_WHAT IS REQUIRED:_ Print exactly, and only, the lines from the one that has "PRICE drop!!! RV" through the end of the material below, with both ends included and the pictures omitted.

_MATERIAL PROVIDED:_
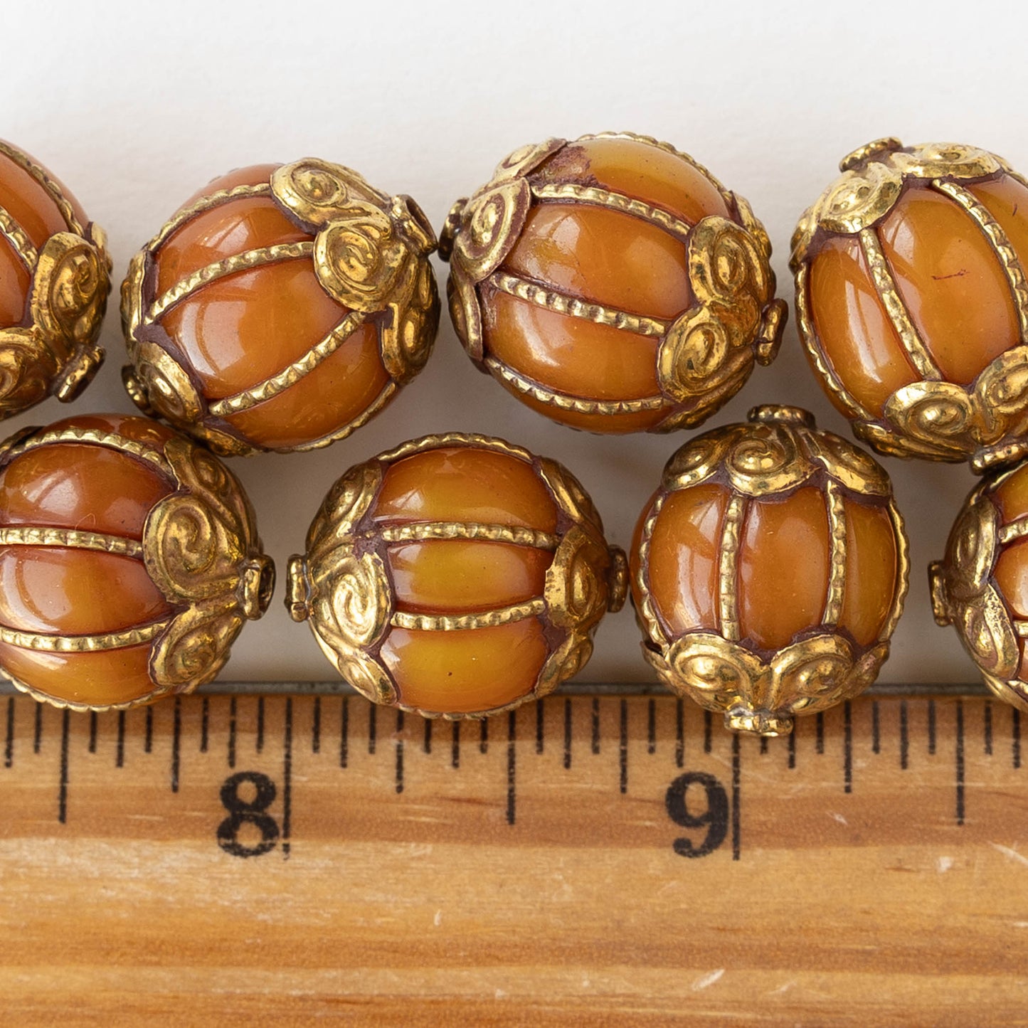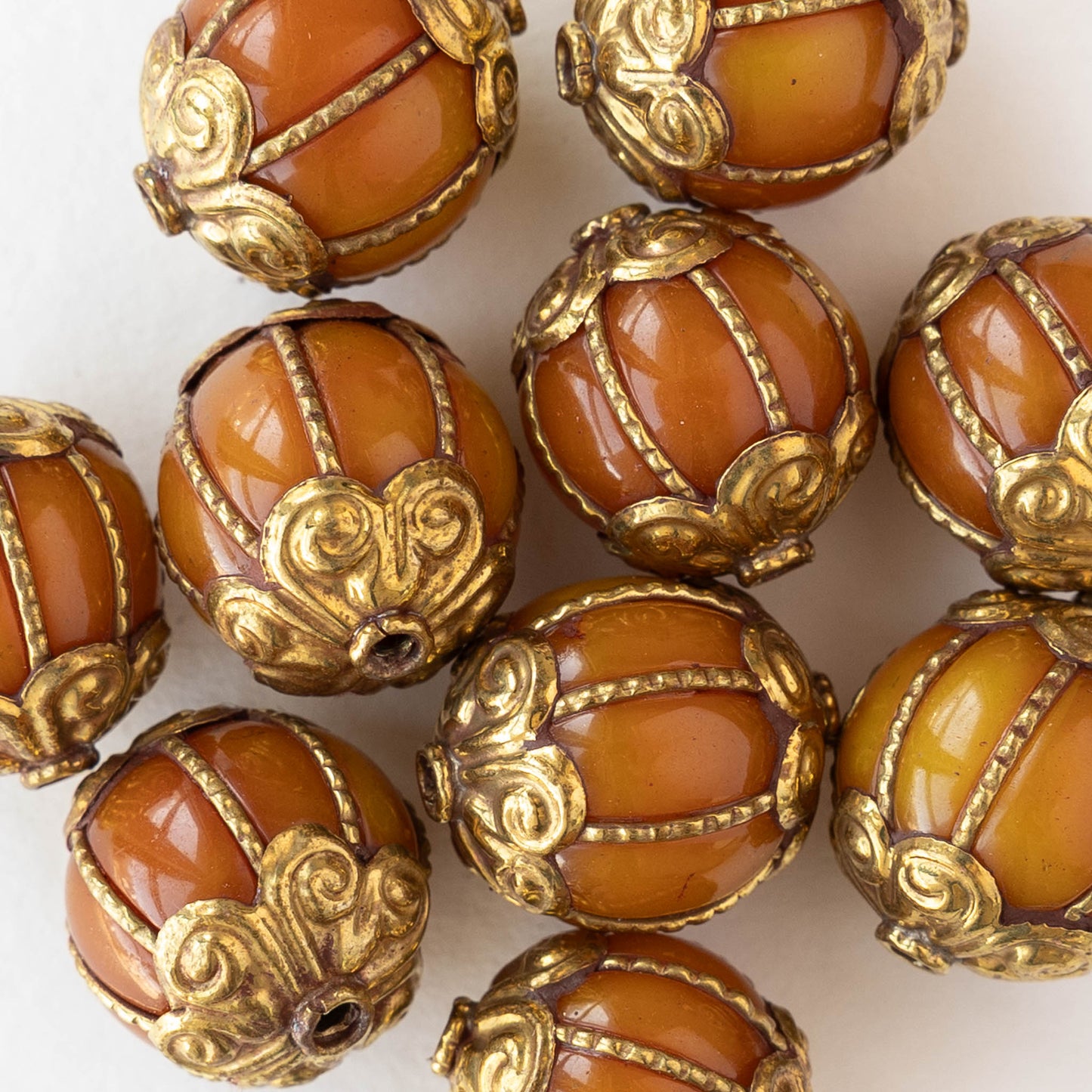 Orange Copal Beads with Tibetan Gold Plate Repoussé Accents
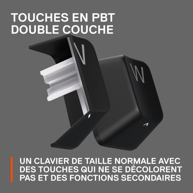 - Type de clavier : mécanique : offre une bonne réactivité. Il n'est pas nécessaire d'enfoncer la touche jusqu'au bout pour déclencher une action en jeu, ce qui rend le clavier particulièrement efficace dans vos actions
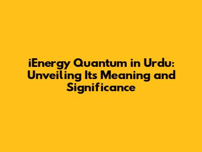 IEnergy Quantum In Urdu: Exploring Its Meaning & Significance
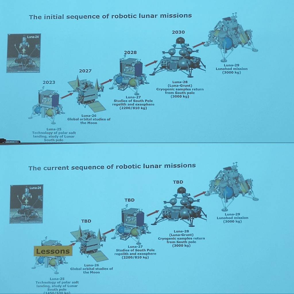 На проходящей в настоящее время в Баку выставке МАК 2023 в ходе дискуссии, посвященной российским лунным исследованиям, представитель Роскосмоса продемонстрировал слайд (на фото выше), связанный с лунной программой. На нем видно, что все сроки, на которые первоначально планировались лунные миссии в этом десятилетии, в настоящее время пересматриваются. Таким образом, неудача с полетом «Луны-25» не только ставит российскую программу в кризисное положение, но и рискует поставить под серьезную угрозу участие в программе ILRS под руководством Китая.
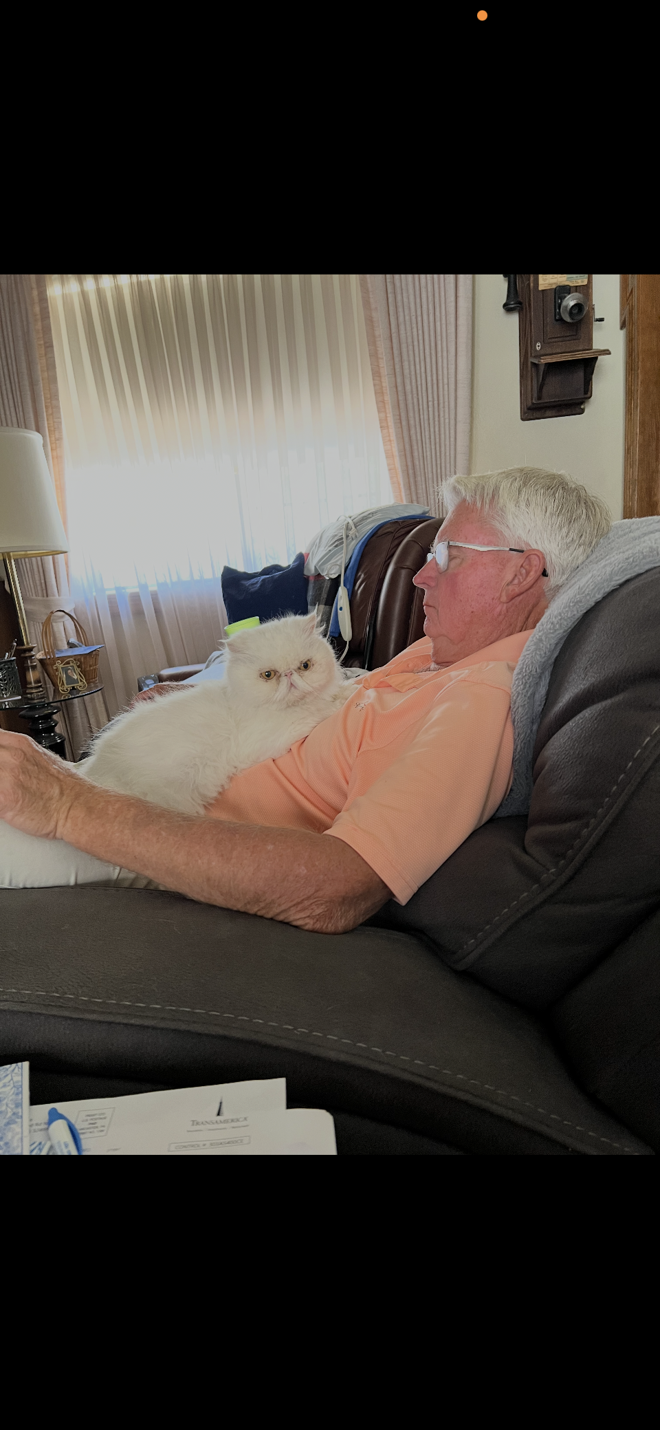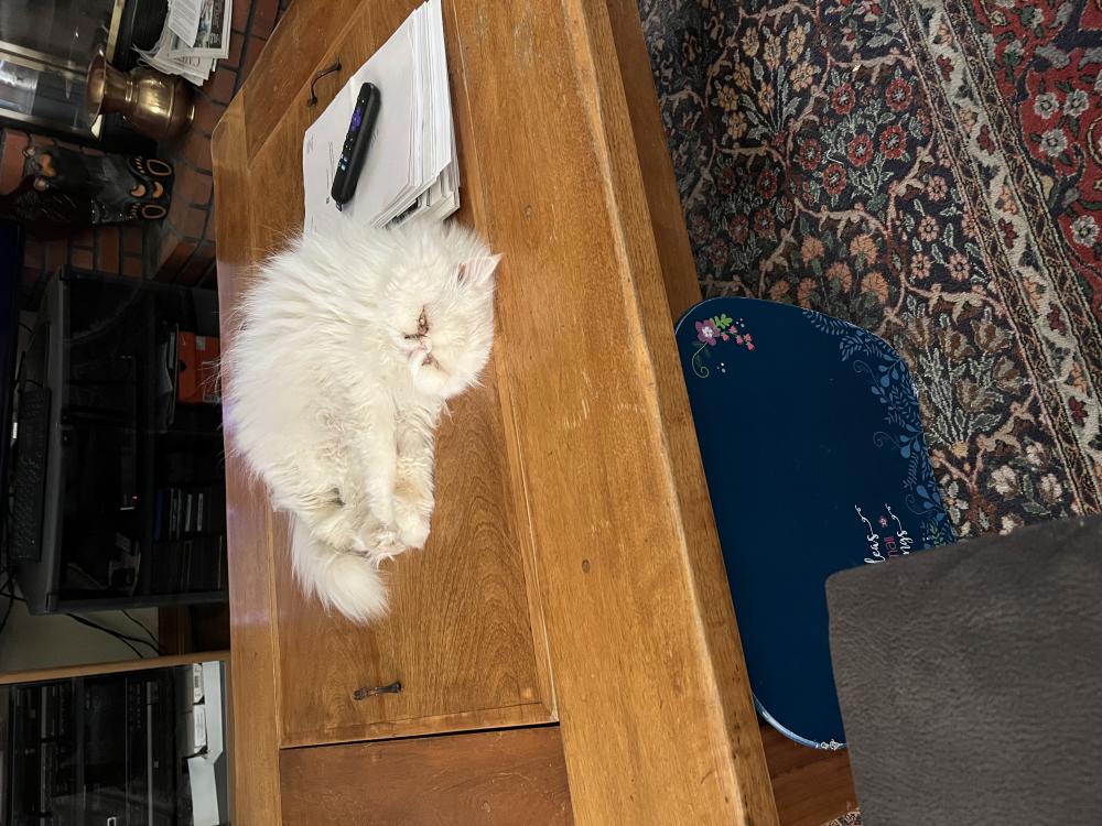 Pet Description:White Persian cat, bery long fur, amber ryes, 12 pounds, flat nose and face. |
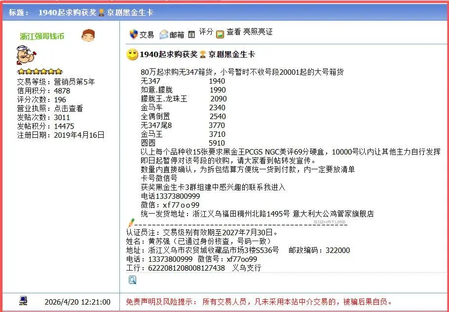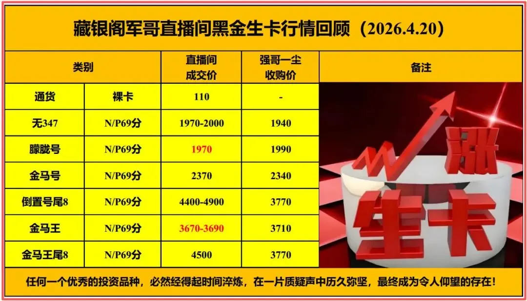 >2026年4月20日获奖纪念黑金生卡行情播报
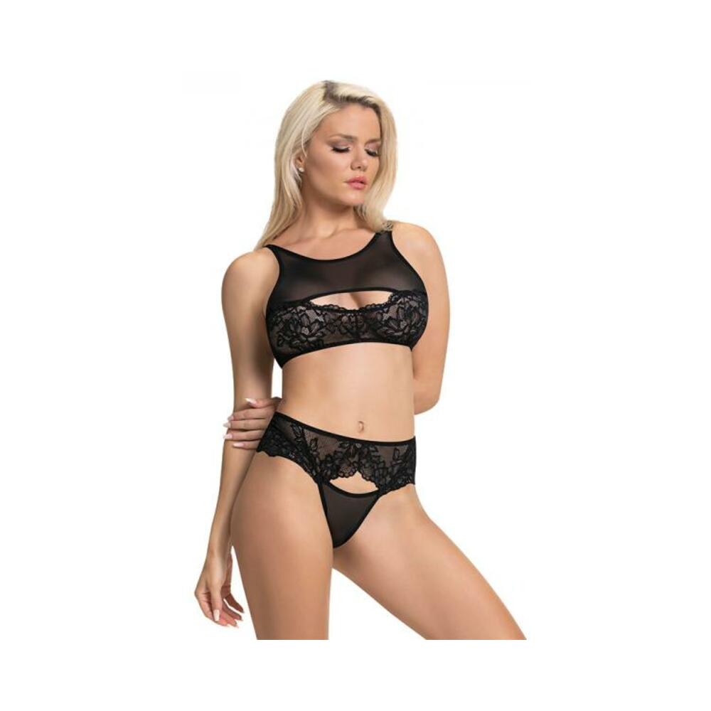 Magic Silk Sugar & Spice Peek-a-boo Bra & Panty Set Black L/xl
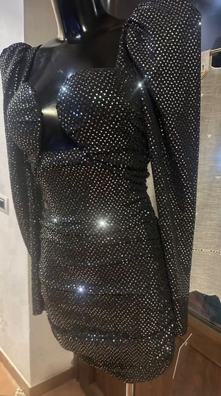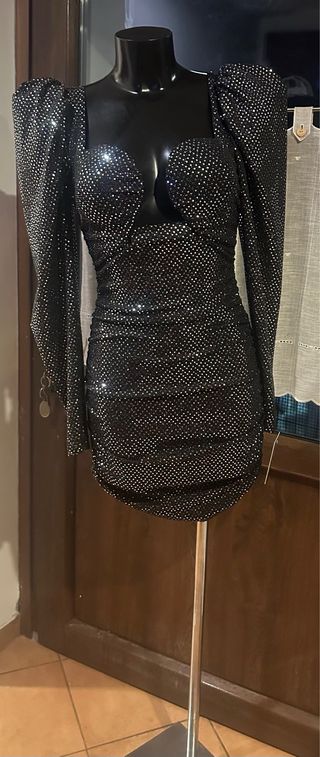 Elegante abito corto con un design scintillante. - Tessuto interamente ricoperto di strass. - Maniche lunghe a sbuffo. - Scollatura a cuore. - Effetto drappeggiato sul fianco.
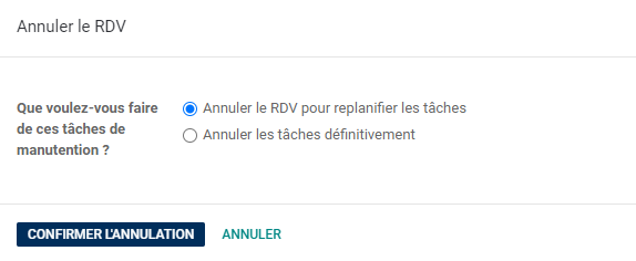 Si cette deuxième option est choisie, les tâches annulées seront reproposées lors de la prochaine prise de rendez-vous.
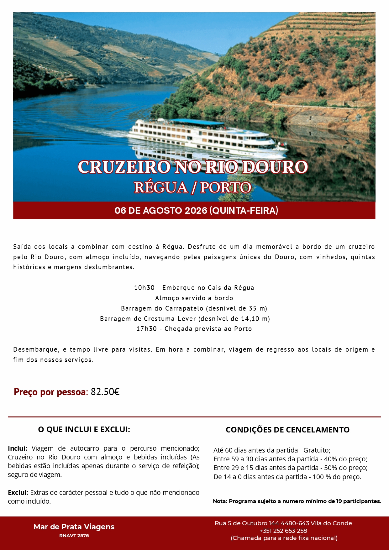NOTA: Programa sujeito a numero mínimo de 19 participantes
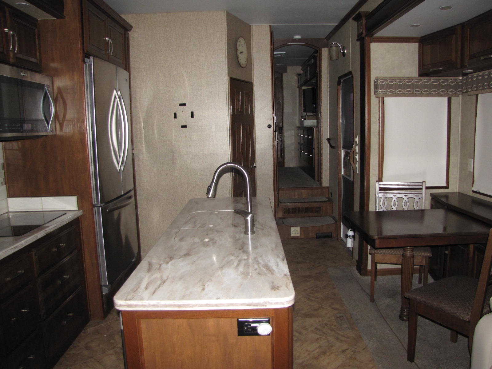 PRICE drop!!! RV VALUATION IS OVER $79,900.00!!! BUILT FOR FULL FOUR SEASON LIVING, THIS LUXURY FIFTH WHEEL HAS 4 SLIDE OUTS, 2 POWER AWNINGS, BLACKOUT PRIVACY WINDOWS AND AN OUTSIDE ENTERTAINMENT SYSTEM. INSIDE THE FRONT DOOR IS A CONVENIENT COST CLOSET. THIS UNIT HAS A CENTRAL VACUUM SYSTEM AND ONE TOUCH DAY/NIGHT SHADES. IN THE MAIN LIVING AREA IS A WATER CLOSET WITH WASHER/DRYER HOOK UPS. THE KITCHEN COMES EQUIPPED WITH A 3 DOOR FRIDGE/FREEZER, A 2 BURNER CONVECTION COOK TOP, A CONVECTION/MICROWAVE OVEN, A DISHWASHER IN THE ISLAND AND SOLID SURFACE COUNTER TOPS. WILL SLEEP 4 PEOPLE WITH A SOFA/SLEEPER IN THE LIVING AREA AND A KING MAIN BEDROOM IN THE FRONT. THE WALK THROUGH PRIVATE ENSUITE OFF OF THE MAIN BEDROOM HAS DOUBLE SINKS, A DOUBLE SHOWER WITH A SEAT AND LINEN STORAGE. PAST THIS ENSUITE IS A WALK IN CLOSET. COME SEE THIS BEAUTY AND CALL RV PETE FOR MORE DETAILS AT 506-260-2666. FINANCING OPTIONS AVAILABLE, O.A.C. OPEN EVERYDAY!
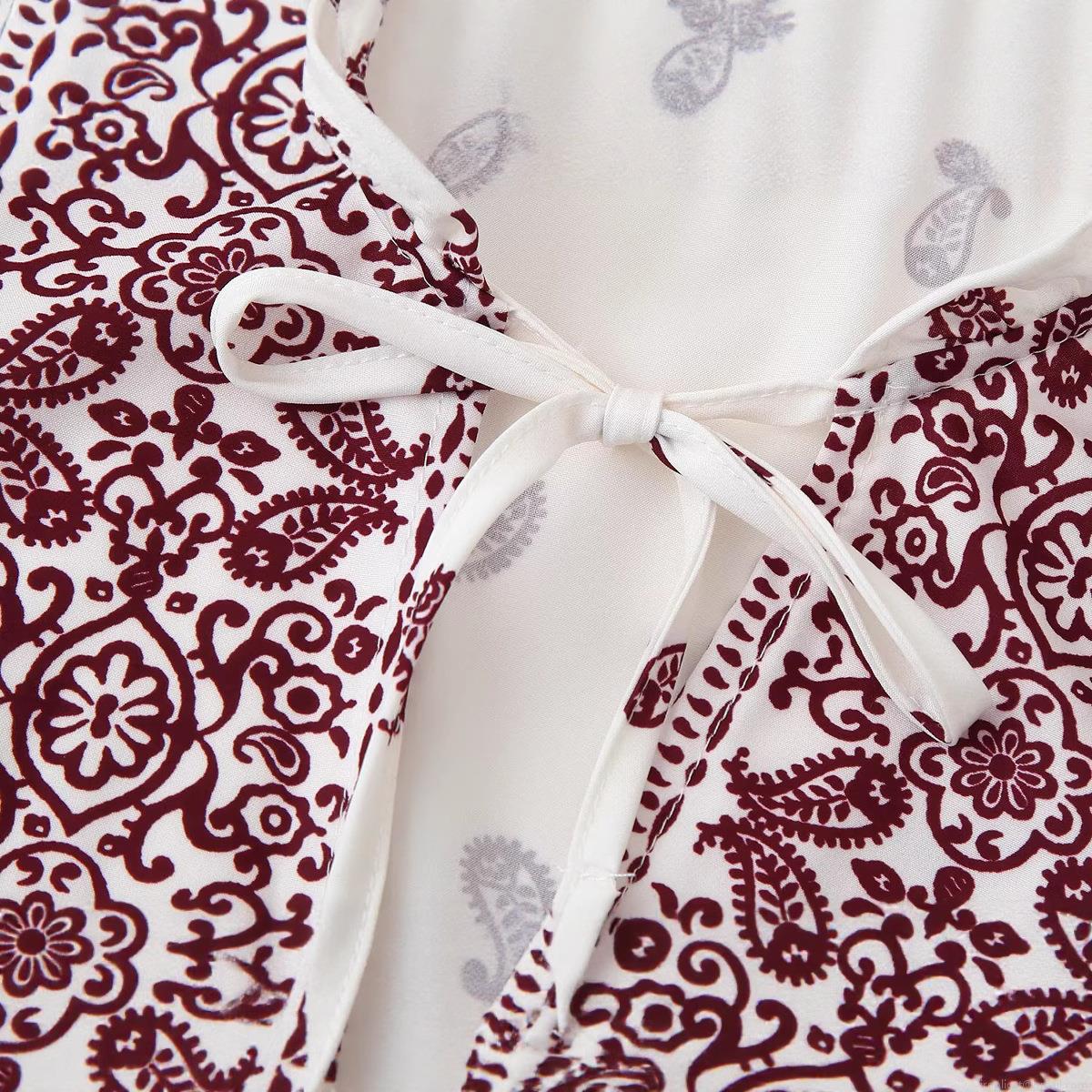• Women's Bohemian Paisley Print V-Neck Blouse Tassel Tie Long Sleeve Polyester Casual Shirt Loose Fit Streetwear Top For Women
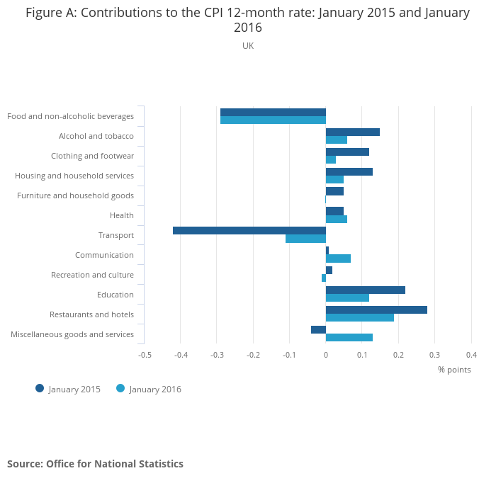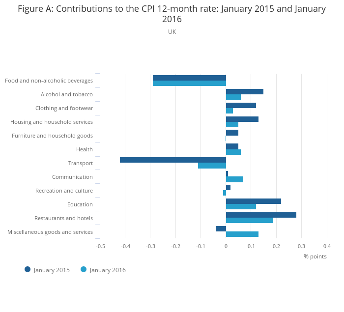 Figure A shows the contributions to the CPI 12-month rate in January 2016 compared with the contributions to the 12-month rate a year earlier. A larger version of the chart can be viewed by clicking on it (HTML version only).
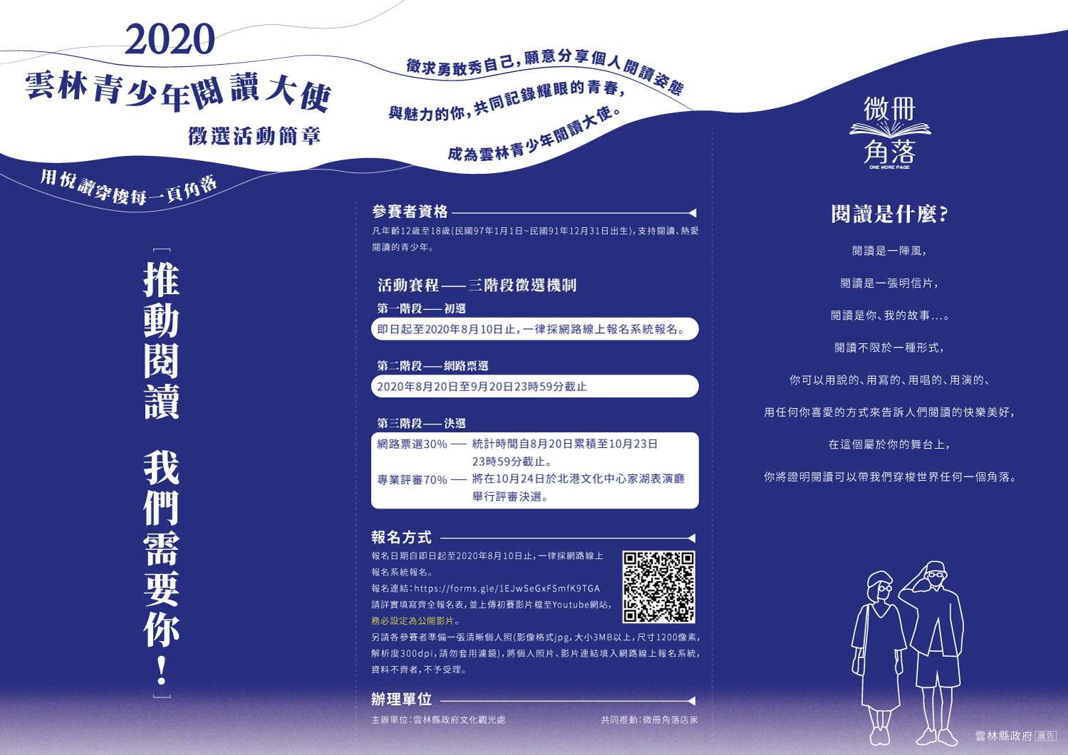 雲林縣政府辦理「2020雲林青少年閱讀大使徵選活動」,報名簡章如附件,請查照。

_OUTPUT FOR THIS EXERCISE:_
 PRICE drop!!! RV VALUATION IS OVER $79,900.00!!! BUILT FOR FULL FOUR SEASON LIVING, THIS LUXURY FIFTH WHEEL HAS 4 SLIDE OUTS, 2 POWER AWNINGS, BLACKOUT PRIVACY WINDOWS AND AN OUTSIDE ENTERTAINMENT SYSTEM. INSIDE THE FRONT DOOR IS A CONVENIENT COST CLOSET. THIS UNIT HAS A CENTRAL VACUUM SYSTEM AND ONE TOUCH DAY/NIGHT SHADES. IN THE MAIN LIVING AREA IS A WATER CLOSET WITH WASHER/DRYER HOOK UPS. THE KITCHEN COMES EQUIPPED WITH A 3 DOOR FRIDGE/FREEZER, A 2 BURNER CONVECTION COOK TOP, A CONVECTION/MICROWAVE OVEN, A DISHWASHER IN THE ISLAND AND SOLID SURFACE COUNTER TOPS. WILL SLEEP 4 PEOPLE WITH A SOFA/SLEEPER IN THE LIVING AREA AND A KING MAIN BEDROOM IN THE FRONT. THE WALK THROUGH PRIVATE ENSUITE OFF OF THE MAIN BEDROOM HAS DOUBLE SINKS, A DOUBLE SHOWER WITH A SEAT AND LINEN STORAGE. PAST THIS ENSUITE IS A WALK IN CLOSET. COME SEE THIS BEAUTY AND CALL RV PETE FOR MORE DETAILS AT 506-260-2666. FINANCING OPTIONS AVAILABLE, O.A.C. OPEN EVERYDAY!
• Women's Bohemian Paisley Print V-Neck Blouse Tassel Tie Long Sleeve Polyester Casual Shirt Loose Fit Streetwear Top For Women
 Figure A shows the contributions to the CPI 12-month rate in January 2016 compared with the contributions to the 12-month rate a year earlier. A larger version of the chart can be viewed by clicking on it (HTML version only).
 雲林縣政府辦理「2020雲林青少年閱讀大使徵選活動」,報名簡章如附件,請查照。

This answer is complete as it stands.